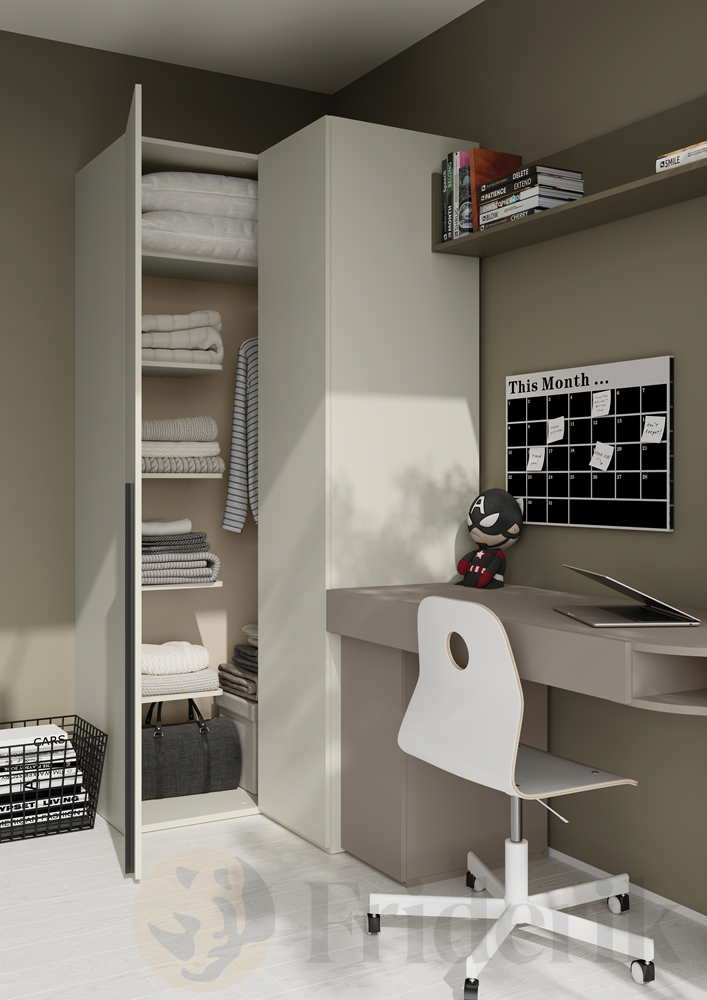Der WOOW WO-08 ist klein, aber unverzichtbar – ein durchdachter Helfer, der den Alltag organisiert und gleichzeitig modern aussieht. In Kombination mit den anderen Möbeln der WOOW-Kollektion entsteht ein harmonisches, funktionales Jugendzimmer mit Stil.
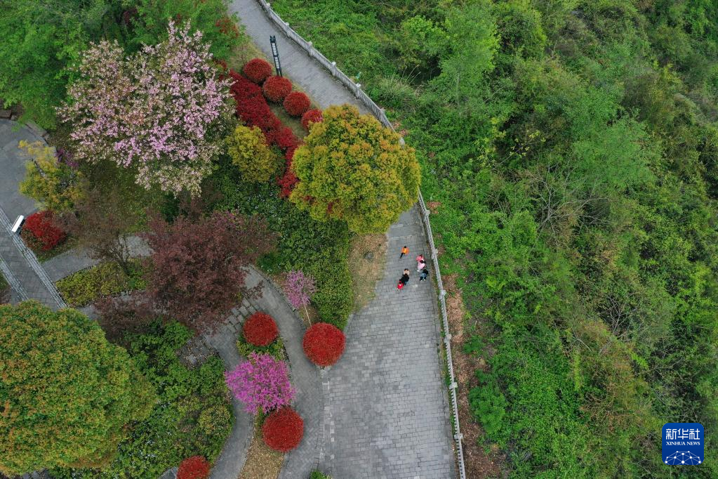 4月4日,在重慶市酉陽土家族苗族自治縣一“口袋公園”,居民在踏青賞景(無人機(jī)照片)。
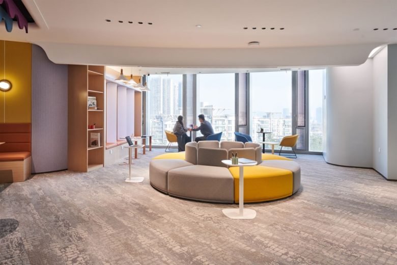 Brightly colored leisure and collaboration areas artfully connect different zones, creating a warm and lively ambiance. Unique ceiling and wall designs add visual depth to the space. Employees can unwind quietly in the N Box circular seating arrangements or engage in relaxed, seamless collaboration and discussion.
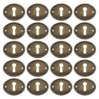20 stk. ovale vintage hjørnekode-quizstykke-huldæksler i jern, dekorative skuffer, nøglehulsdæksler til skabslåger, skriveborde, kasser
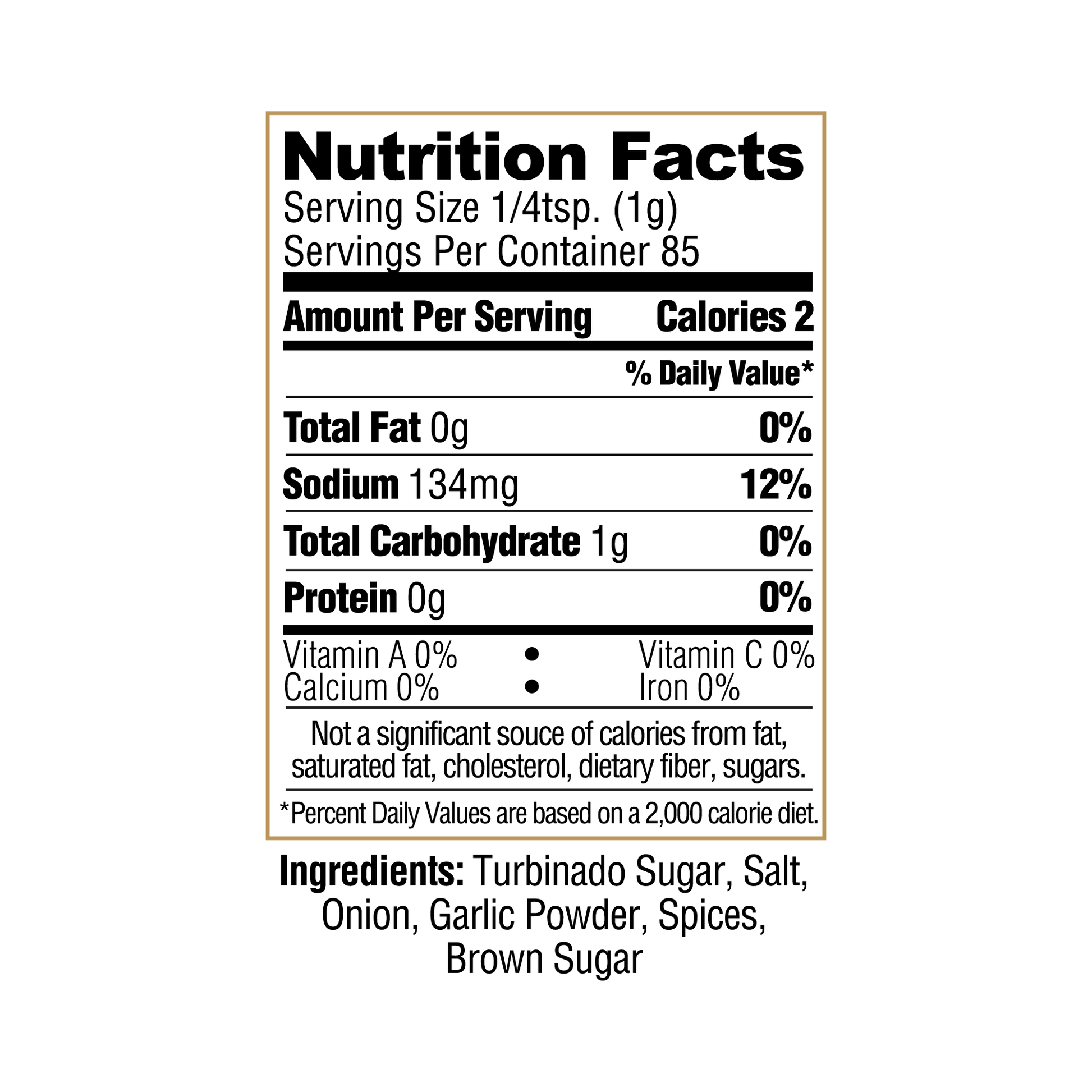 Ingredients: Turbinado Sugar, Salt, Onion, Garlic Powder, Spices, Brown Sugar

■ Work required
Exact repetition required: repeat the first line of the listing above, the line containing "20 stk. ovale", and every line between, leaving out pictures.

■ Exercise answer
Der WOOW WO-08 ist klein, aber unverzichtbar – ein durchdachter Helfer, der den Alltag organisiert und gleichzeitig modern aussieht. In Kombination mit den anderen Möbeln der WOOW-Kollektion entsteht ein harmonisches, funktionales Jugendzimmer mit Stil.
 4月4日,在重慶市酉陽土家族苗族自治縣一“口袋公園”,居民在踏青賞景(無人機(jī)照片)。
 Brightly colored leisure and collaboration areas artfully connect different zones, creating a warm and lively ambiance. Unique ceiling and wall designs add visual depth to the space. Employees can unwind quietly in the N Box circular seating arrangements or engage in relaxed, seamless collaboration and discussion.
20 stk. ovale vintage hjørnekode-quizstykke-huldæksler i jern, dekorative skuffer, nøglehulsdæksler til skabslåger, skriveborde, kasser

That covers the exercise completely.